A pesar de que la caída era sólo de dos metros, cuando Ming se precipitó de cabeza al agua helada tuvo la sensación de que había ido a dar de cara contra el pavimento a setenta kilómetros por hora. El líquido que le engulló el rostro estaba tan frío que parecía ácido hirviendo. Provocó en él una instantánea oleada de pánico.

Cabeza abajo y en absoluta oscuridad, se quedó momentáneamente desorientado y sin saber en qué dirección estaba la superficie. Su pesado abrigo de pelo de camello mantuvo su cuerpo protegido contra la helada oleada, aunque sólo durante uno o dos segundos. Por fin, después de lograr enderezarse, Ming subió a la superficie, intentando tomar aire, justo en el momento en que el agua se abría paso hasta su pecho y espalda, envolviendo su cuerpo como un torniquete frío que le aplastó los pulmones.

—Aux...ilio —jadeó. Sin embargo, apenas pudo tomar aire suficiente para soltar un gimoteo. Sintió como si le hubieran quitado de golpe el aliento. —¡Aux...ilio!

Ni siquiera él pudo oír sus propios gritos. Avanzó torpemente hacia una de las paredes del foso de extracción e intentó empujarse fuera del agua. La pared que tenía delante era hielo vertical. No había nada a lo que agarrarse. Debajo del agua, sus botas pataleaban contra la cara de la pared en busca de algún hueco en el que hacer pie. Nada. Se estiró hacia arriba, buscando el borde del agujero. Estaba a tan sólo medio metro de su alcance.

Empezaron a fallarle los músculos. Pataleó con más fuerza, intentando ganar la altura suficiente contra el muro para agarrarse al borde. El cuerpo le pesaba como el plomo y los pulmones parecían habérsele encogido hasta quedar reducidos a nada, como si los hubiera aplastado una pitón. Cada segundo que pasaba, el abrigo pesaba más, tirando de él hacia abajo. Intentó quitárselo, pero la gruesa tela se le pegaba al cuerpo.

—¡Aux... ilio!

Ahora el miedo lo embargaba como un torrente.

Ming había leído en una ocasión que morir ahogado era la muerte más horrible que se podía imaginar. Jamás había soñado que se encontraría al borde de experimentarlo. Los músculos se negaban a cooperar con su mente, y él se limitaba ahora a intentar mantener la cabeza fuera del agua. La ropa empapada tiraba de él hacia abajo al tiempo que sus dedos adormecidos arañaban las paredes del agujero.

Ahora sus gritos estaban sólo en su cabeza.

Y entonces ocurrió.

Ming se hundió. El tremendo terror de ser consciente de su propia muerte inminente era algo que jamás había imaginado experimentar. Y, sin embargo, ahí estaba... hundiéndose despacio frente a la pared de hielo de un agujero de sesenta metros de profundidad abierto en el hielo. Ante sus ojos desfilaron multitud de imágenes. Momentos de infancia, su carrera. Se preguntó si alguien lo encontraría ahí abajo. ¿O quizá simplemente seguiría hundiéndose hasta el fondo y se congelaría ahí abajo... sepultado en el glaciar para siempre?

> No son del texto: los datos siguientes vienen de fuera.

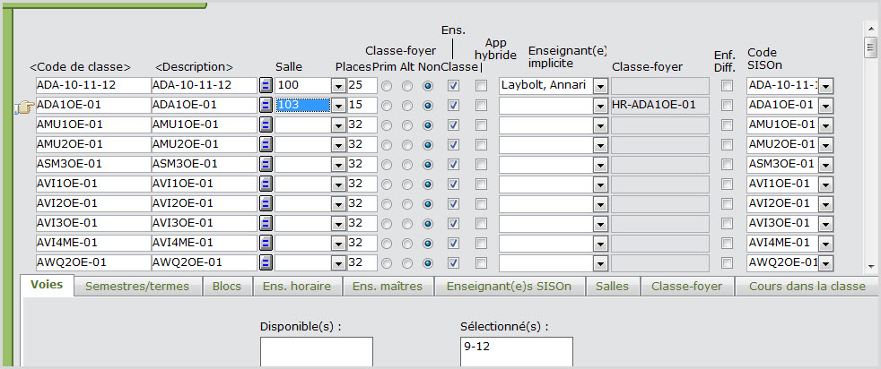Dans la page Classes, assignez les renseignements suivants : voie, semestre, bloc, enseignant et salle. Assurez-vous que le code de classe commence par RCR.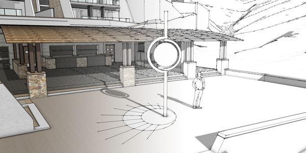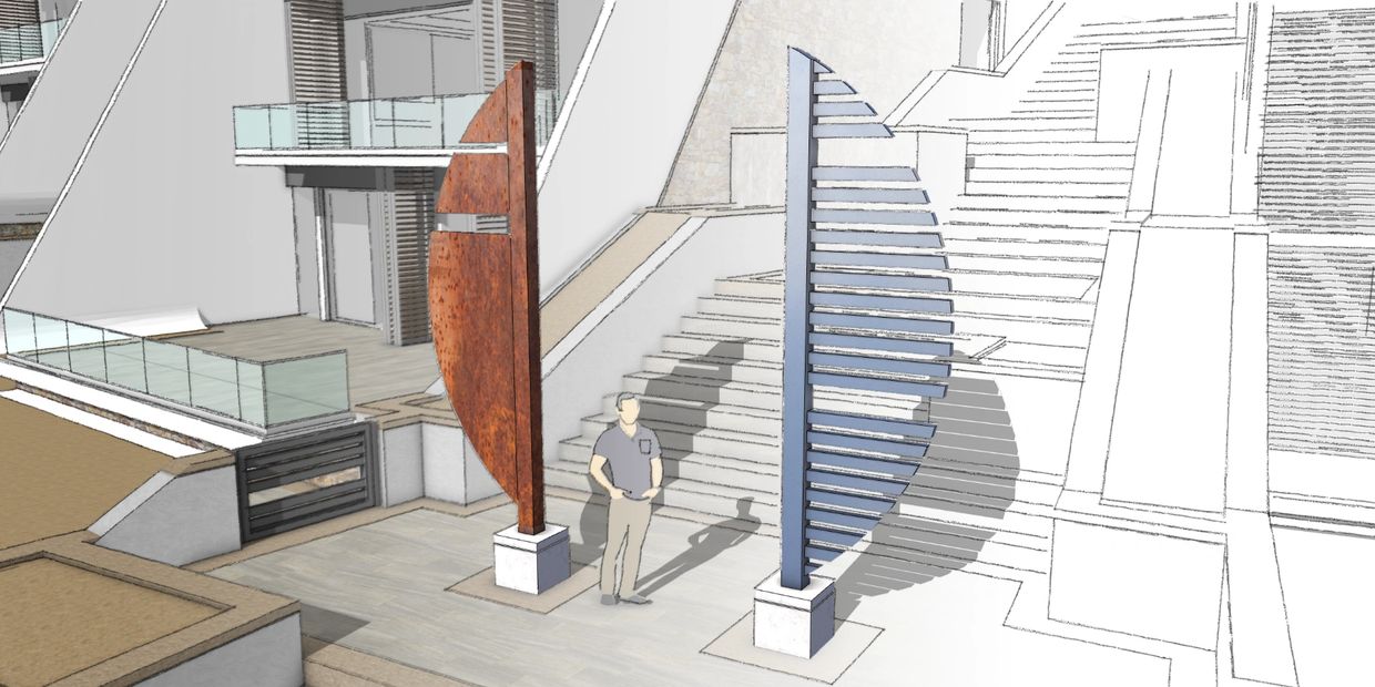 This piece, called "Sun and Moon", was designed to frame the beautiful architecture and natural vistas as you ascend or descend the staircase. The sculpture also acts as a transition piece dividing the private condo spaces from the public beach area.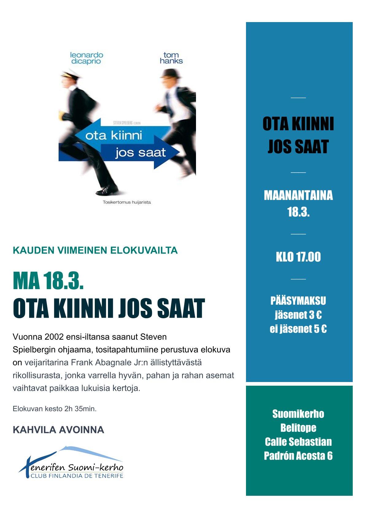 Vuonna 2002 ensi-iltansa saanut Steven Spielbergin ohjaama, tositapahtumiin perustuva elokuva on veijaritarina Frank Abagnale Jr:n ällistyttävästä rikollisurasta, jonka varrella hyvän, pahan ja rahan asemat vaihtavat paikkaa lukuisia kertoja.
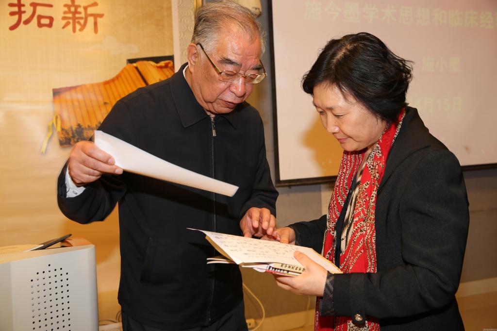 施小墨先生是施今墨先生的哲嗣和学术传承人,自幼受中医熏陶,及长又系统学习西医理论。他不断发掘总结施今墨先生的学术思想和学派特点,发表论文和专著,组织专题讲座和学术报告,筹办纪念会和带徒带教,为施派学术的继承和发扬做出了重要贡献。施小墨先生临床主攻癌症,总结癌症六大证型:湿、毒、瘀、寒、热、虚证。临床以证统病,病证结合,整体调节,突出特色。在癌症治疗中,体现了施今墨先生辨病辨证相结合的临床特点。施小墨先生现担任施今墨中医药研究院院长、北京同仁堂施小墨医药有限公司副董事长,北京同仁堂制药厂技术顾问。(基础医学院)

Los pulmones de Ming pedían oxígeno a gritos. Contuvo el aliento, todavía intentando patalear para volver a la superficie. «¡Respira!» Luchó contra el acto reflejo, cerrando con fuerza sus insensatos labios. «¡Respira!» Intentó en vano nadar hacia arriba. «¡Respira!» En ese preciso instante, envuelto en una batalla mortal entre el instinto humano y la razón, el instinto que le impulsaba a respirar se impuso sobre su capacidad de mantener la boca cerrada.

Wailee Ming inspiró.

El agua que le aplastó los pulmones era como aceite hirviendo envolviendo su sensible tejido pulmonar. Tenía la sensación de estar ardiendo de dentro hacia fuera. Lo cruel de la situación era que el agua no mata inmediatamente. Ming pasó varios segundos espantosos inspirando en el agua helada. Cada aliento era más doloroso que el anterior y ninguna inspiración le ofrecía lo que su cuerpo tan desesperadamente necesitaba.

Por fin, a medida que se deslizaba hacia el fondo de la helada oscuridad, notó que perdía la conciencia. Le alegró poder escapar de aquel sufrimiento. A su alrededor, en el agua, vio diminutas motas lucientes de luz. Era el espectáculo más bello que había visto en vida.